- Born: Ferenc István Udvarházy 1946 (age 79–80) Budapest, Hungary
- Education: University High School; University of California, Los Angeles (BA);
- Occupations: Executive chairman, Air Lease Corporation
- Known for: Aircraft leasing
- Spouse: Christine Hazy
- Children: 4

= Steven F. Udvar-Házy =

Hungarian-American aviation businessman (born 1946)

Steven Ferencz Udvar-Házy (/hu/; born 1946), also known as István or Steve Hazy, is a Hungarian-American billionaire businessman and the executive chairman of Air Lease Corporation. He is the former chairman and CEO of International Lease Finance Corporation (ILFC), one of the two largest aircraft lessors in the world (the other being AerCap). Forbes magazine's 2021 list of The World's Billionaires estimated his net worth at US$4 billion.

==Early life==
Udvar-Házy was born in Budapest in 1946. His family moved to the US in 1958, when he was about 12 years old, fleeing the Soviet occupation of Hungary. Hazy attended University High School in Los Angeles, and the University of California, Los Angeles.

==Career==
Udvar-Házy was in his 20s during the later part of the transition from propeller aircraft to jets during the mid to late 1960s, and realized that the higher capital investment required to purchase jet aircraft created an opportunity for a leasing business. He founded ILFC with fellow Hungarian Leslie Gonda and his son Louis Gonda in 1973, leasing a single used Douglas DC-8 to Aeroméxico. He left ILFC in February 2010 and founded Air Lease Corporation.

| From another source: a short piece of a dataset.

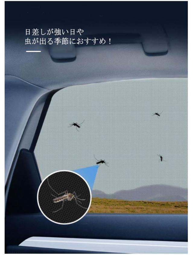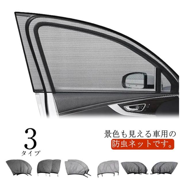 日除け 虫よけ 取り付け簡単 車用品 車用 ウィンドーネット 防虫ネット 蚊帳 夏用 メッシュ 暑さ対策 車窓用 涼しい 便利 グッズ ネット メッシュ アウトドア レジャー 4枚入り 網戸

In 2016, Prime Minister of Hungary Viktor Orbán presented Udvar-Házy the Grand Cross of the Order of Merit of Hungary for his achievements in the airline industry.

==Philanthropy==
Udvar-Házy gave a US$66 million grant to the Smithsonian Institution that allowed the U.S. National Air and Space Museum to build the Steven F. Udvar-Hazy Center annex at Washington Dulles International Airport. The annex houses more than 120 aircraft and 140 space-exploration exhibits as of 2006, and also includes the Space Shuttle Discovery. Plans call for eventually installing over 300 aircraft.

In 2000, the Udvar-Házy family contributed funds to build the Christine and Steven F. Udvar-Hazy Library and Learning Center at Embry–Riddle Aeronautical University's Prescott Campus. The business building at Utah Tech University in St. George, Utah is named after his parents, Erno and Etel Udvar-Házy.

==Personal life==
He is married with four children and lives in Westlake, Texas.

Steven F. Udvar-Házy's son, Steven C. Udvar-Házy, has become notable in his own right within aircraft leasing and fleet operations. By 2018, Steven C. was Senior Vice President, OEM Relations & Market Development at the leasing firm Aviation Capital Group. Airline Economics magazine ranked him in its "top 40 individuals under 40 years of age in the commercial aviation industry" for three years running (2016–2018). By 2026, he was Head of Fleet Strategy and Planning with Alaska Airlines.